Copy, without a single change, each line from the one that holds "Soldiers in Ogoniland, 1993, ©private." to the bottom of the entries below, and drop any pictures.

━━━━━━━━━━

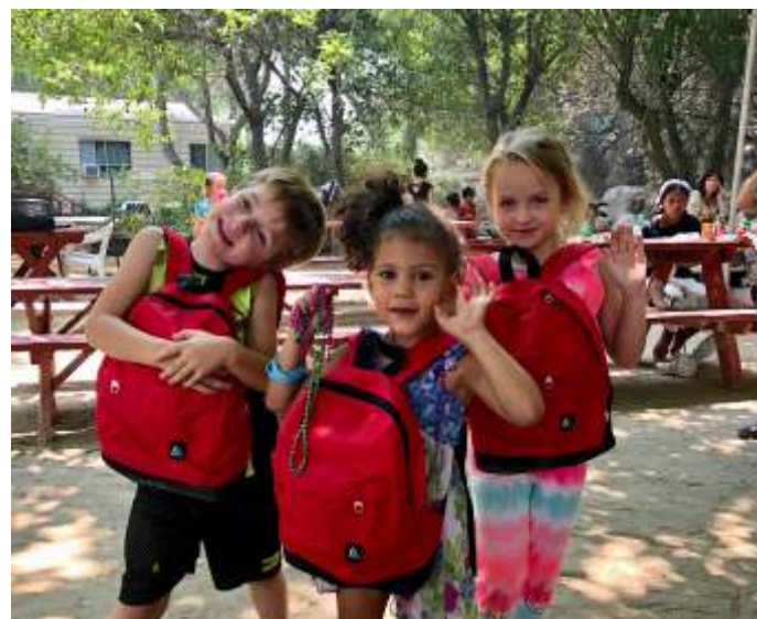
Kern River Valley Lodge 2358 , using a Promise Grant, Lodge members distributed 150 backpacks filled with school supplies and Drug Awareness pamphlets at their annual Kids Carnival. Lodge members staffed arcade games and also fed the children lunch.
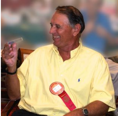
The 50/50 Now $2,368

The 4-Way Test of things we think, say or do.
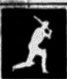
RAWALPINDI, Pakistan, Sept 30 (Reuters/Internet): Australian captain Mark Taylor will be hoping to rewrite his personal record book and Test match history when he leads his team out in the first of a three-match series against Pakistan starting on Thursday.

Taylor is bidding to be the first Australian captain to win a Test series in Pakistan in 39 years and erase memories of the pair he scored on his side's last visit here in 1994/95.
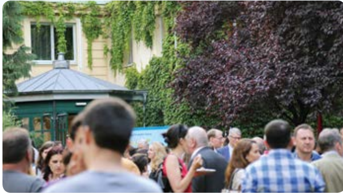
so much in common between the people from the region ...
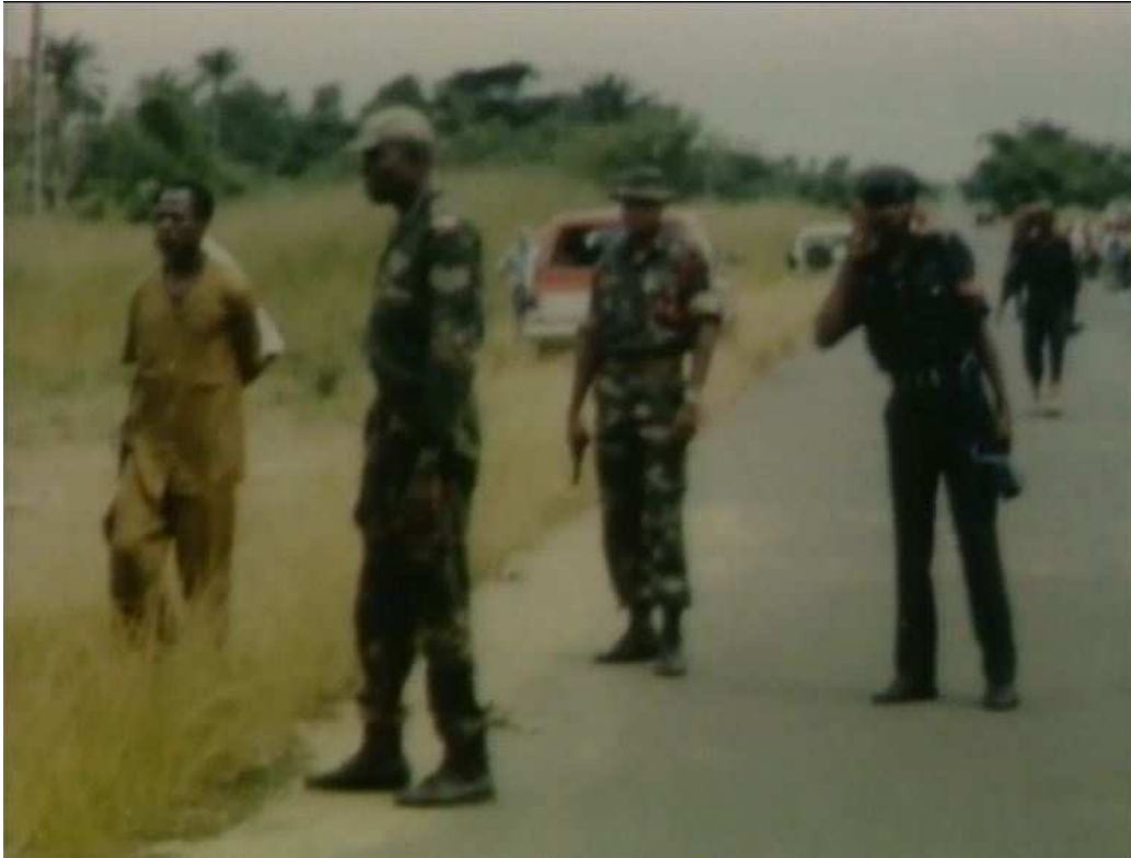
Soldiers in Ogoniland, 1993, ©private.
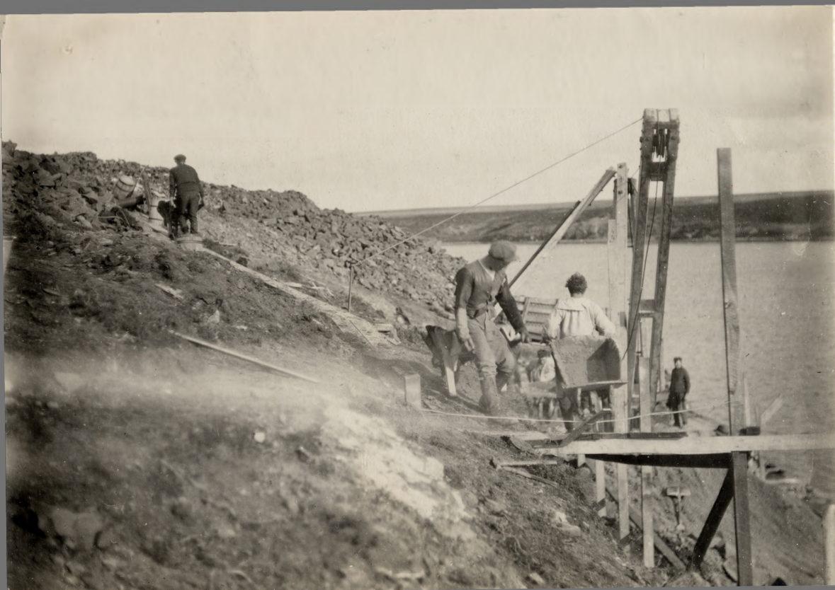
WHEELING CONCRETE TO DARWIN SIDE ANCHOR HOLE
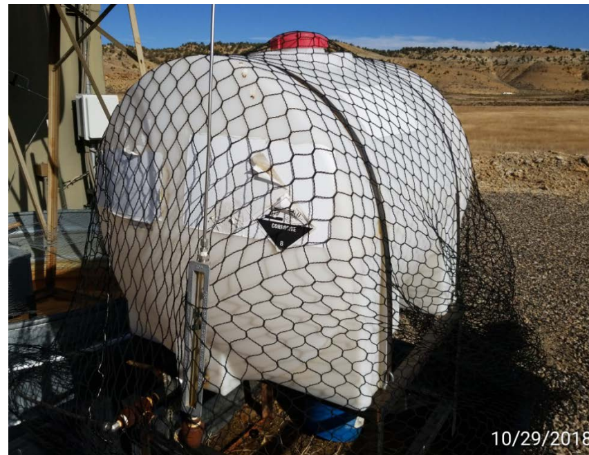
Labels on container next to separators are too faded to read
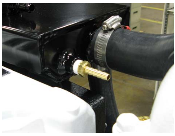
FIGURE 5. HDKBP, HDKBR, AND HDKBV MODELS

━━━━━━━━━━

__Task result__:
Soldiers in Ogoniland, 1993, ©private.
WHEELING CONCRETE TO DARWIN SIDE ANCHOR HOLE
Labels on container next to separators are too faded to read
FIGURE 5. HDKBP, HDKBR, AND HDKBV MODELS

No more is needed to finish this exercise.